If you would have asked me as an 18-year-old what my dreams and aspirations were as I walked out the doors of Mt. Lebanon High School in 1979, they would have been rooted in pain and loneliness. To one day hold the hand of a girl who liked me. To have my first kiss. To be someone who was not painfully shy and withdrawn. To go someplace where I would be accepted and not bullied.
If you would have asked me my dreams and aspirations as a 22-year-old graduating from Penn State and heading to the University of Pittsburgh School of Law, much of it would be the same. Kiss a girl. Go on a date. Lose my virginity. Run a marathon or two. I had little vision of my future beyond what was at the tip of my any nose at any particular moment. None of my dreams involved being a successful law student and lawyer. I was already an alcoholic, also dealing with both exercise and traditional bulimia. Life was about day-to-day survival. It was not the future.
At age 27, after moving to Dallas and doing my first line of cocaine, visions of my present and future became influenced by drug addiction. Cocaine gave the feelings of being handsome and successful with a bright future. Of course, my real life was much more painful and different. It was therefore logical to me to do as much cocaine as I could and get drunk often to maintain the illusion — or delusion — of my present and future as it goes.
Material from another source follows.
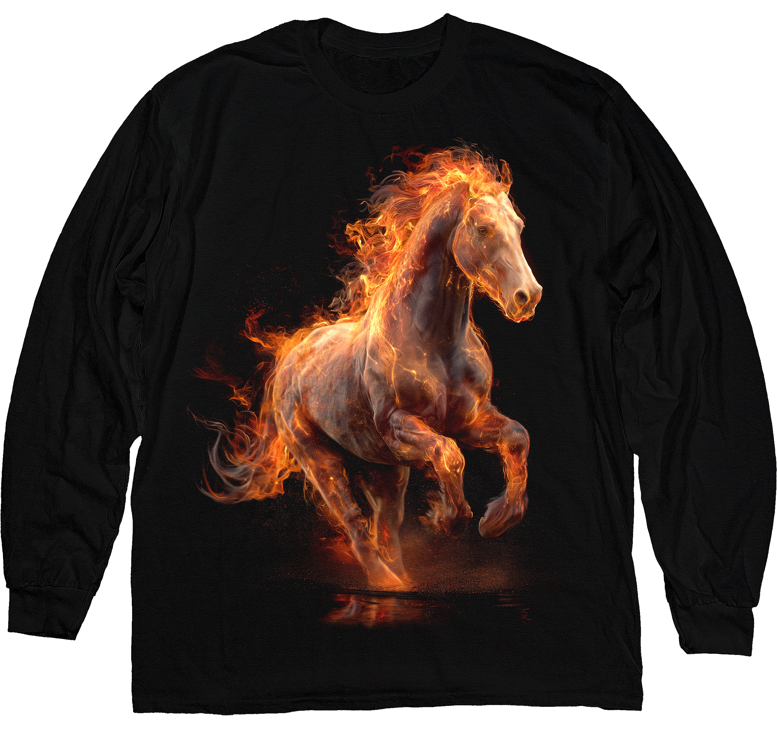 Лонгслів із приголомшливим принтом коня у полум’ї — символом енергії, швидкості та свободи. Для тих, хто живе на повну.

In July of 2005, I had no vision of my future. There was only a black hole. I decided to end my life. Fortunately, family and friends knew something was wrong and intervened.
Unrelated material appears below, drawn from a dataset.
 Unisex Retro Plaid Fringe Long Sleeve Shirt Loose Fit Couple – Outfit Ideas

On April 8, 2007, as I took my first steps into sobriety, my perspective on my present and future possibilities slowly began to change. At first, the future was simply getting through the day without drinking or doing a line. Going to my weekly therapy to deal with the co-occurring mental-health issues and a childhood I was running away from.
As I began to string together day after day of sobriety and therapy, the pinhole of sunlight in the tunnel to my future grew larger and larger. I began to see the meaning of loving myself, dealing with life on life’s terms, and allowing myself to be loved. I began to slowly embrace a future of possibilities. I began to write. A journal. My blog. Expressive writing filled with the release of anger. Even then, however, I never envisioned the possibility of being a published author. As I began to realize the power of expressive writing in both my recovery and letting others know that they are not alone in their pain, the first thoughts of one day writing a book entered my mind.
Today, I sit here, having achieved that dream. A dream that would have never occurred without long-term recovery. For the second time in my life, I am an author. Last week, my book, “The Addicted Lawyer: Tales Of The Bar, Booze, Blow, & Redemption” (affiliate link) was released.
I was able to convince both a literary agent and a traditional publisher that my book was a worthy risk. It was not an easy sell. Addiction and mental health awareness in the legal profession is for the most part a taboo, niche topic despite the fact that a recent study found that we suffer from problem drinking at a rate three to five times the rate of the general public, with similarly high rates of depression and anxiety. Law students did not fare much better in another study.
The Addicted Lawyer is a culmination of much reflection on my life as a law student and lawyer dealing with those issues. I, however, wanted it to be more than just my story. I reached out to other law students and lawyers who have struggled and found their way to long-term recovery. I reflected on those I know who did not make it. I talked to those in the legal profession whose job it is to both help lawyers and law students recover and deal with the consequences that often come with substance use.
More than anything, the Addicted Lawyer is about redemption. My redemption. The ability for all to find recovery and redemption, even if the consequences require a re-defining of our hopes and dreams. Not long ago, I saw an advertisement in the Texas Bar Journal for a keynote I am giving about my journey at the State Bar Conference this week. There was a time I wondered if I would appear in the list of suspended and disbarred in the journal. Full circle. Redemption. I am no longer the Addicted Lawyer. I am a lawyer, a person, in long-term recovery. In recovery, all is possible.